Skip every picture while you write out the records below, from the first line through the one that contains "김옥빈은 화이트 셔츠에", both ends kept.

[Records from a data collection]
= = = = = = =
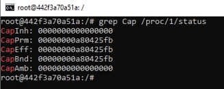 Bunun için capsh kullanabiliriz. capsh, linux yeteneklerini incelemek ve yönetmek için kullanılan bir araçtır.
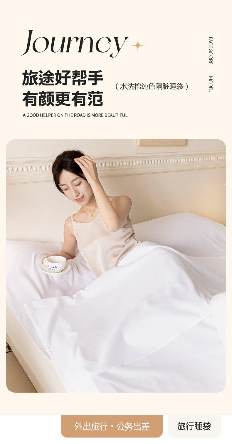 商品名称:yyds 旅行隔脏睡袋纯色A类水洗棉单人双人便携式床单被罩旅游酒店出差 睡袋-纯白
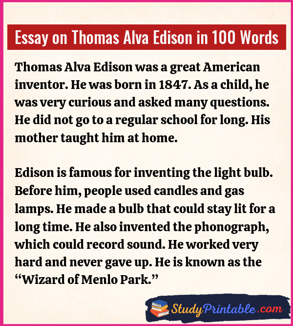 Essay on Thomas Alva Edison in 100 Words
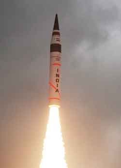 当地时间2013年9月15日,印度再次发射一枚“烈火-5”型远程弹道导弹,该型导弹射程超过5000公里,是印度目前射程最远的弹道导弹,可搭载核弹头。印度“烈火”系列弹道导弹在印度国防部综合制导导弹开发项目框架内研制。
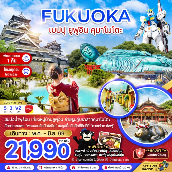 FUKUOKA KUMAMOTO BEPPU 5D3N (เที่ยวเต็ม ไม่มีฟรีเดย์)
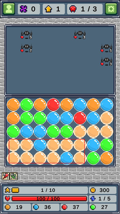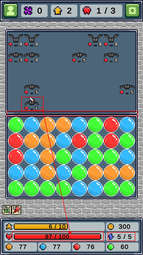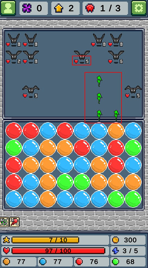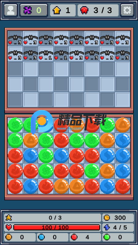 4.玩家在消除的过程中需要注意体力消耗,体力消耗完毕就会进入地方回合,怪物会往前走一格,当怪物走过线时就会攻击我方,扣除血量,当血量被扣完就会失败,需要重新开始。
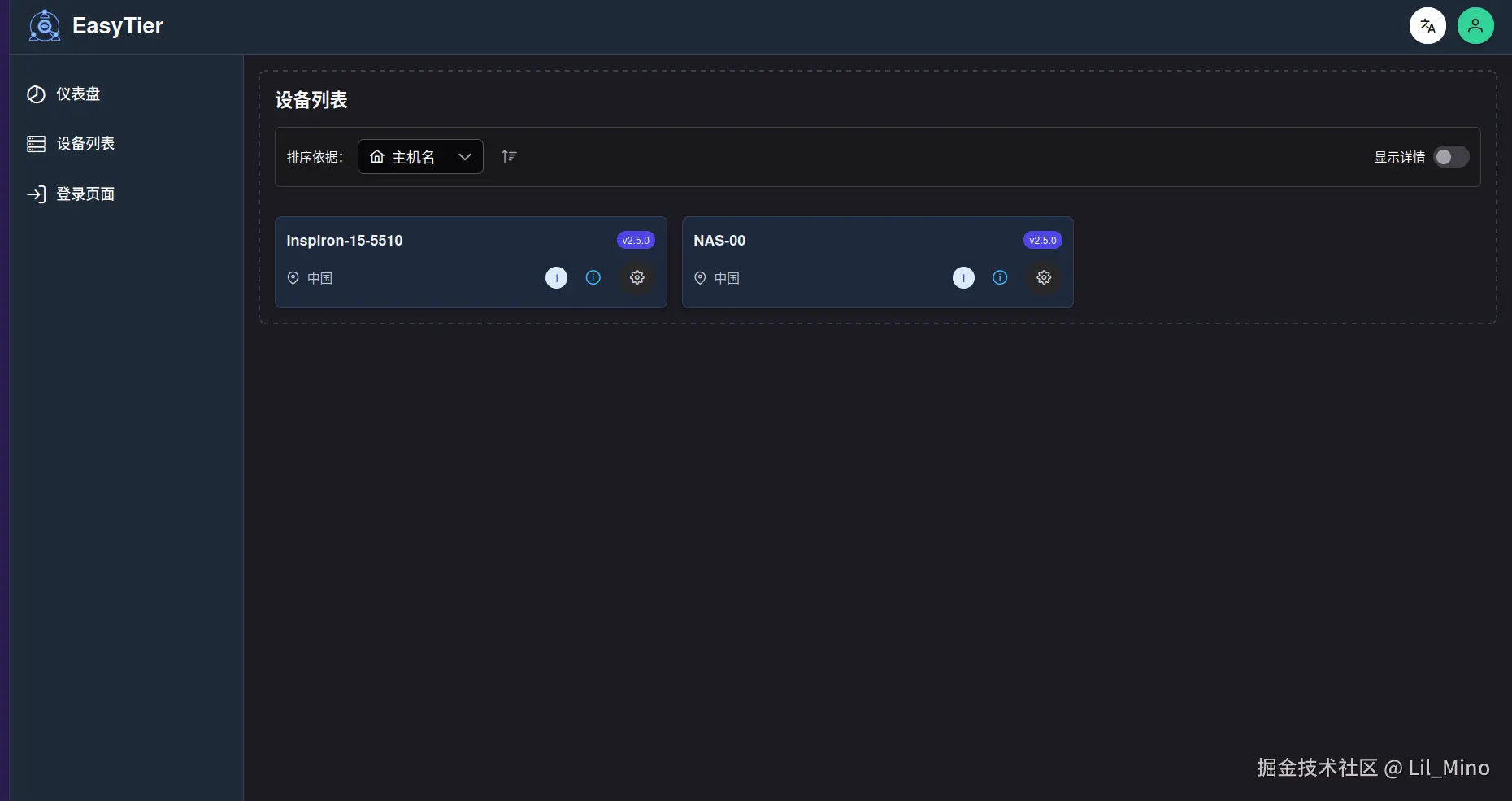 Web 控制台中查看设备列表:easytier.cn/web#/auth
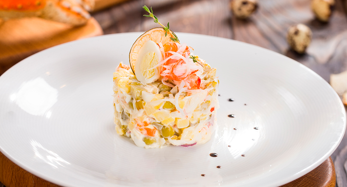 Лёгкий крабовый салат с творожным сыром и редисом
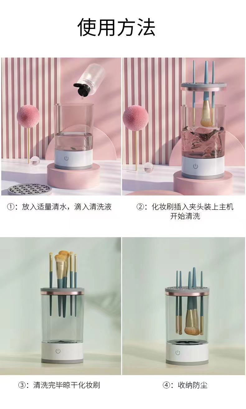 跨境abs材质化妆刷清洗器充电式电动清洁刷子自动洗刷器速干工具
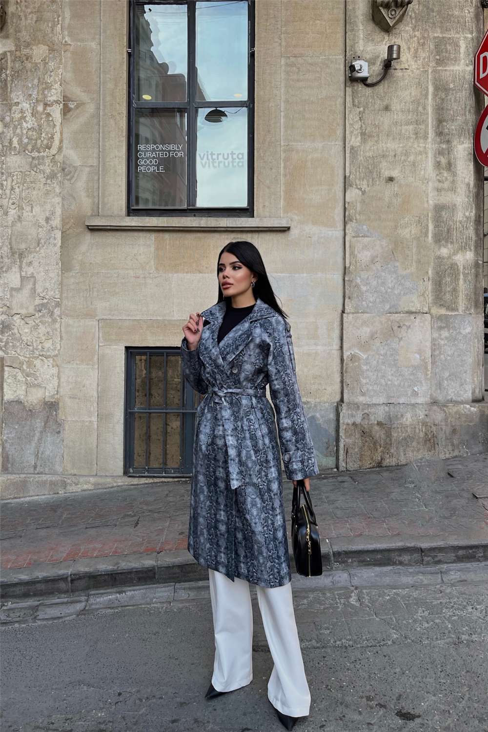 كوت طويل باللون الرصاصي ذو نقشة مميزة
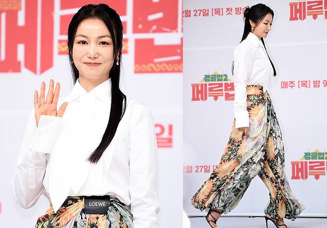 김옥빈은 화이트 셔츠에 과감한 플로럴 프린트 와이드 팬츠를 매치해 우아하면서도 로맨틱한 무드를 완성했습니다.
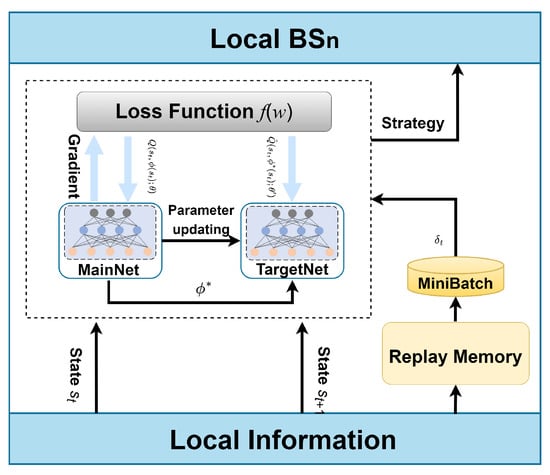 Figure 2 illustrates the training process of DDQN, where every individual local BS maintains a finite-size experience replay pool, which is refreshed with the latest transitions. The Q network (MainNet) of the deep reinforcement learning (DRL) framework is leveraged to determine system actions, while the network (TargetNet) is utilized to evaluate the selected actions. The in the network is periodically updated with in the Q network. During the training process, the agent randomly selects a minibatch from the experience replay pool and trains the Q network by minimizing the loss function for each iteration,
= = = = = = =
# [The completed task]
 Bunun için capsh kullanabiliriz. capsh, linux yeteneklerini incelemek ve yönetmek için kullanılan bir araçtır.
 商品名称:yyds 旅行隔脏睡袋纯色A类水洗棉单人双人便携式床单被罩旅游酒店出差 睡袋-纯白
 Essay on Thomas Alva Edison in 100 Words
 当地时间2013年9月15日,印度再次发射一枚“烈火-5”型远程弹道导弹,该型导弹射程超过5000公里,是印度目前射程最远的弹道导弹,可搭载核弹头。印度“烈火”系列弹道导弹在印度国防部综合制导导弹开发项目框架内研制。
 FUKUOKA KUMAMOTO BEPPU 5D3N (เที่ยวเต็ม ไม่มีฟรีเดย์)
 4.玩家在消除的过程中需要注意体力消耗,体力消耗完毕就会进入地方回合,怪物会往前走一格,当怪物走过线时就会攻击我方,扣除血量,当血量被扣完就会失败,需要重新开始。
 Web 控制台中查看设备列表:easytier.cn/web#/auth
 Лёгкий крабовый салат с творожным сыром и редисом
 跨境abs材质化妆刷清洗器充电式电动清洁刷子自动洗刷器速干工具
 كوت طويل باللون الرصاصي ذو نقشة مميزة
 김옥빈은 화이트 셔츠에 과감한 플로럴 프린트 와이드 팬츠를 매치해 우아하면서도 로맨틱한 무드를 완성했습니다.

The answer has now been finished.